That article is oddly presented. Remember writers don’t write the headlines and that makes them often misleading about the content of the article. The headline and sentence under the picture appear to make it seem like the article writer is complaining that cycling infrastructure is impeding disabled people’s mobility but if you read the entire article you see that it has little to do with that and more about loss of handicapped parking spaces (or people parking in them). All the proposed solutions have nothing to do with cycling as well.
Good letter though. I fully support inclusion. People who rely on their bike for their mobility and who have no other choice can totally relate to having limited choices and wouldn’t want the same inadvertently put on others.
If “shut up was the modus operandus of this blog, none of us who disagreed with a post would be here, including you, Karin.
This blog is very much interested in different opinions and public discourse. A few have had their comments removed because of not following the posting guidelines. These guidelines are there to encourage the discussion by people of different opinions. If they had written the same message in a different way the comment would not have been removed.
I disagree that “shut up” is the modus operandus.
“different” opinions ?
Do we have ANY suburban car loving bloggers in here ? truck drivers ? Single moms with mini-vans ? Low income folks ? Pricetags’ opinion spectrum is not very diversified. It is very narrow: mainly university trained / academic, manly white, mainly male, above average income, “progressive” aka NDP / anti-conservative. Representing say 10% of society. Where are the other 90% ?

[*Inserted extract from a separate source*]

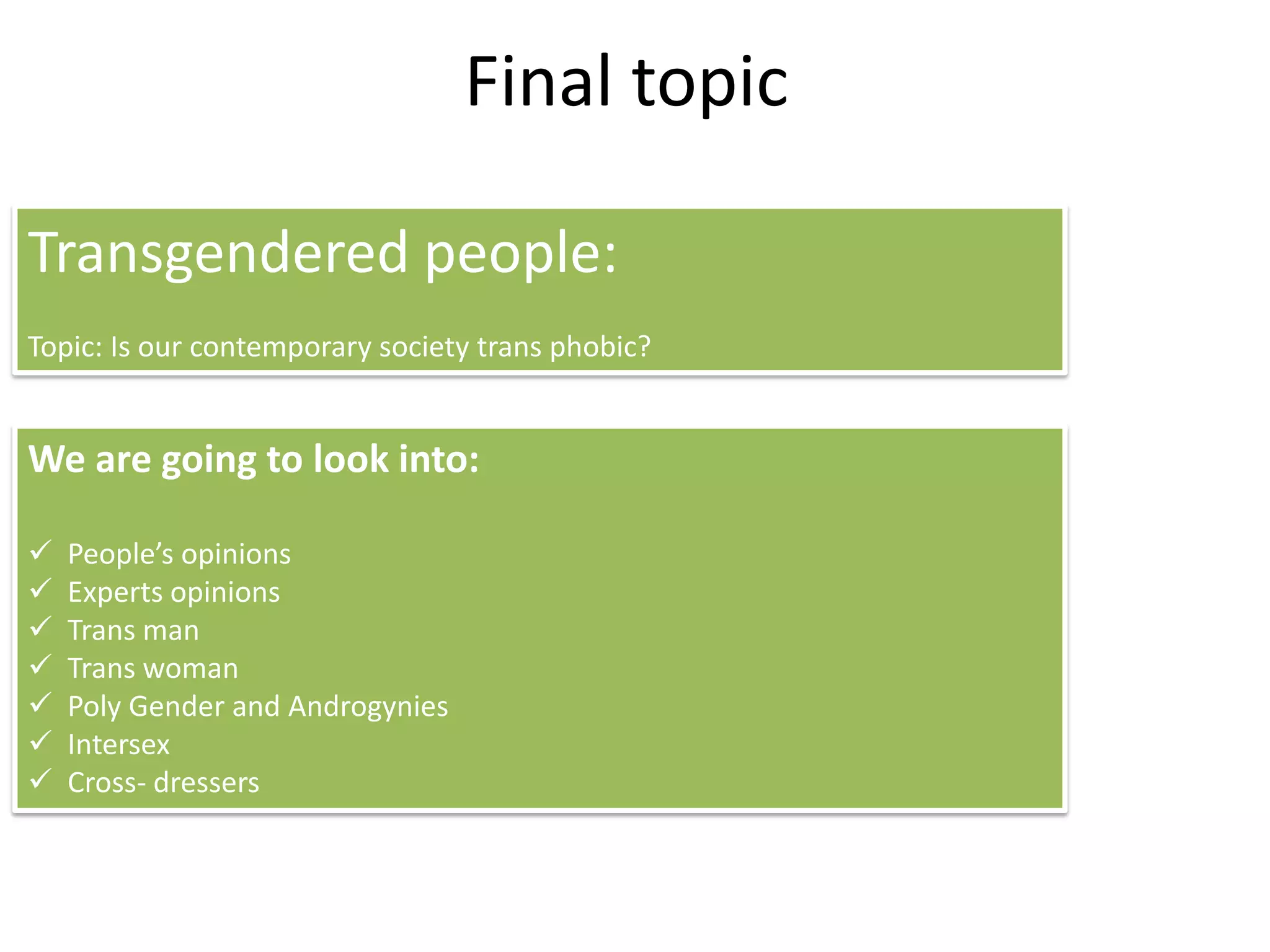 This document outlines plans for a documentary about whether contemporary society is transphobic. It discusses topics and people to interview, required elements like establishing shots and titles, conventions like natural lighting and voiceovers, location exploration, and risks involved in tasks like traveling and interviewing. Locations considered include Soho, Central London, churches, and Westfield. Experts may include people from Gendered Intelligence and sociologists. Public interviews aim to represent a range of views. Precautions will be taken to conduct tasks safely and respectfully.

Ha, I love the Freudian typo “manly white” .. I meant mainly white ..
One wonders what would be the outcome if the most prolific commenters took a break from multiple comments on every topic? Perhaps the ensuing room that would be created in the discussion would appear more welcoming to under-represented cohorts.
It’s hard to talk and listen simultaneously.

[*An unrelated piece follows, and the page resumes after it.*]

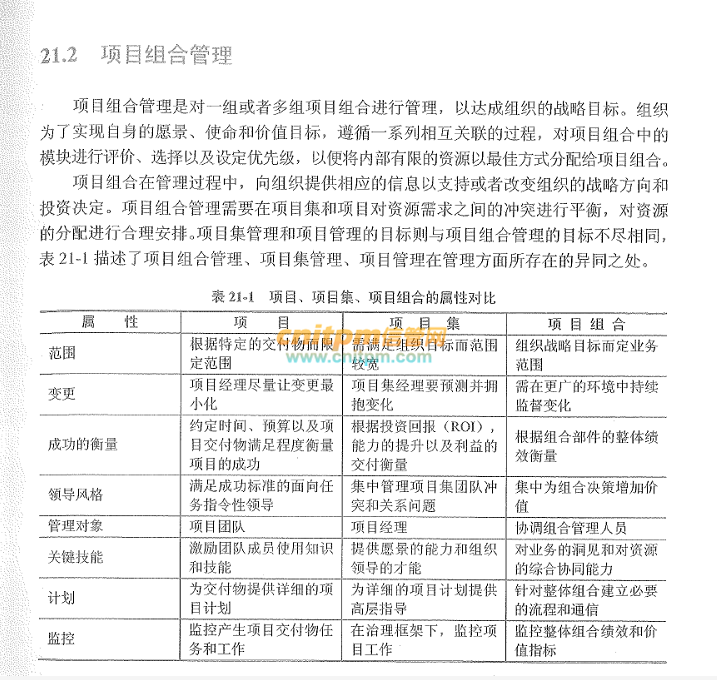 我觉得项目组合是多个项目, 项目集就是一个项目

Allison Tom is quite right about not being able to park on 10th, where many medical offices are located. When the planning for this new bikeway came along it was repeatedly pointed out that removing parking on this stretch was not only ludicrous but vicious and cruel to those needing access to doctors and clinics that are all along this stretch.
Nevertheless, the righteous bike lobby soldiered on and city hall giggled with them as they ripped out parking for the demon cars.
[Ed: comment edited for violation of comment policy]
Nevertheless, the righteous bike lobby soldiered on and city hall giggled with them as they ripped out parking for the demon cars.
This is false and a deeply irresponsible comment. Construction is scheduled to start in 2017. A final design has not be chosen.
Well, I’m glad to hear that. I distinctly remember discussing this here a few months back and the lobbyist was adamant that parking shall be removed in the Health Precinct because the medical buildings all have parking inside.
Anyone that has empathy with, or struggled with, or helped the disabled or the infirm will not be pleased if the city compounds their misfortune.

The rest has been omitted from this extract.